Aayush-Ankit / puma-simulator

[ASPLOS 2019] PUMA-simulator provides a detailed simulation model of a dataflow architecture built with NVM (non-volatile memory), and runs ML models compiled using the puma compiler.
MIT License
50 stars 43 forks source link

Questions about executing VGG-16 #37

Closed yunchenlo closed 4 years ago

yunchenlo commented 4 years ago

Dear Aayush Ankit,

Thank you for your work.

I would like to ask how PUMA is capable of executing models which exceeds PUMA memory capacity.

For example, according to table 3 in PUMA paper, you have in total 4.3125 MB memristor capacity. However, typical DNNs such as VGG-16 requires 138MB or more.

How PUMA accelerator handle this condition? In addition, does the throughput simulation includes weight transfer time when executes these models?

Thank you in advance!
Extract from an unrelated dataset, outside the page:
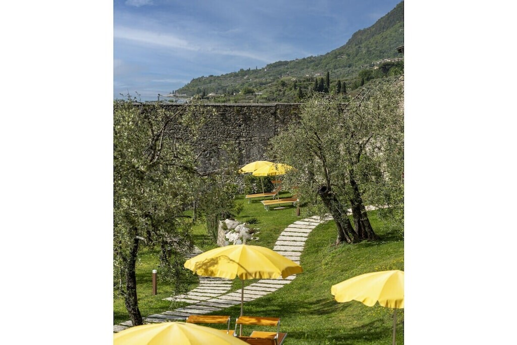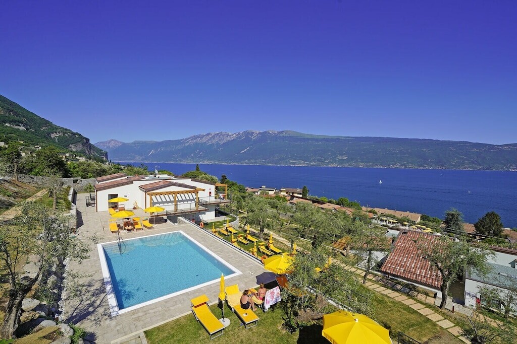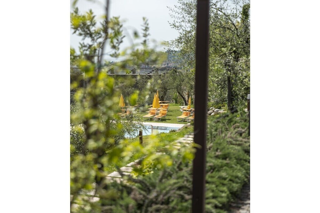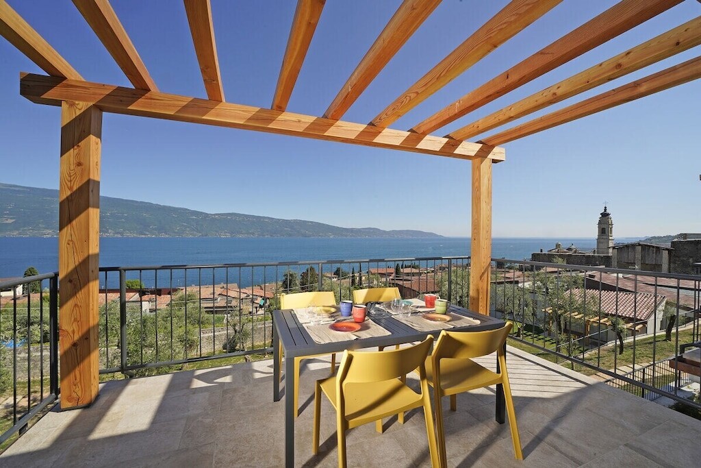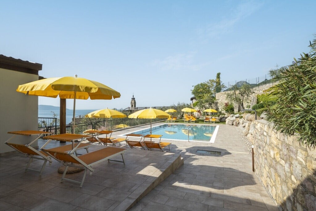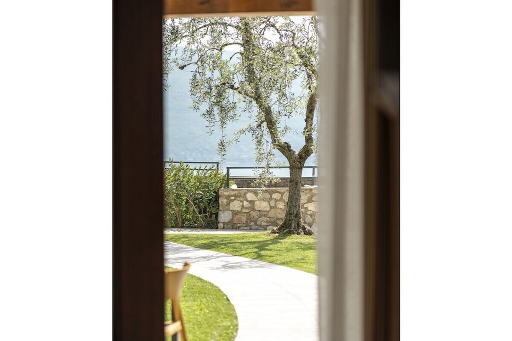 Modern appartement op een rustige locatie, omgeven door olijfgaarden, op slechts 300 meter van het strand en het centrum. Met adembenemend uitzicht op het meer, zwembad, jacuzzi en parkeergelegenheid. Harmonieus ingepast in de natuur, combineert het Italiaanse charme met modern comfort.
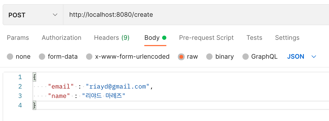 이후에 서버를 실행 후 포스트맨을 통하여 회원정보를 입력해서 데이터가 내 DB에 잘 저장되는지 확인해보자.

Yun-Chen Lo

Aayush-Ankit commented 4 years ago

Thanks Yun-Chen for reading our work.

The model storage capacity (memristor) of 1 PUMA node is ~70MB = 128*128*2B (MVMU) * 2 (MVMUs per core) * 8 (cores per tile) *138 (tiles per node). Subsequently, workloads with model storage requirements > 70MB (for eg. Vgg-16) are mapped across multiple nodes over chip-to-chip interconnect - see off-chip network in Table 3.

No, our throughput simulation doesn't include configuration time aspects - weight transfer, instruction transfer.

yunchenlo commented 4 years ago

Dear Aayush Ankit,

Thank you! In addition, is the MVMU memeristor capacity 128*128*(2Byte) ? I think each cell only holds 2 bit

Yun-Chen

Aayush-Ankit commented 4 years ago

Each memristor cell holds 2 bits, and each MVMU has 8 physical memristive crossbars to represent 16 bit weights.

yunchenlo commented 4 years ago

This completes my understanding!

Thanks! Yun-Chen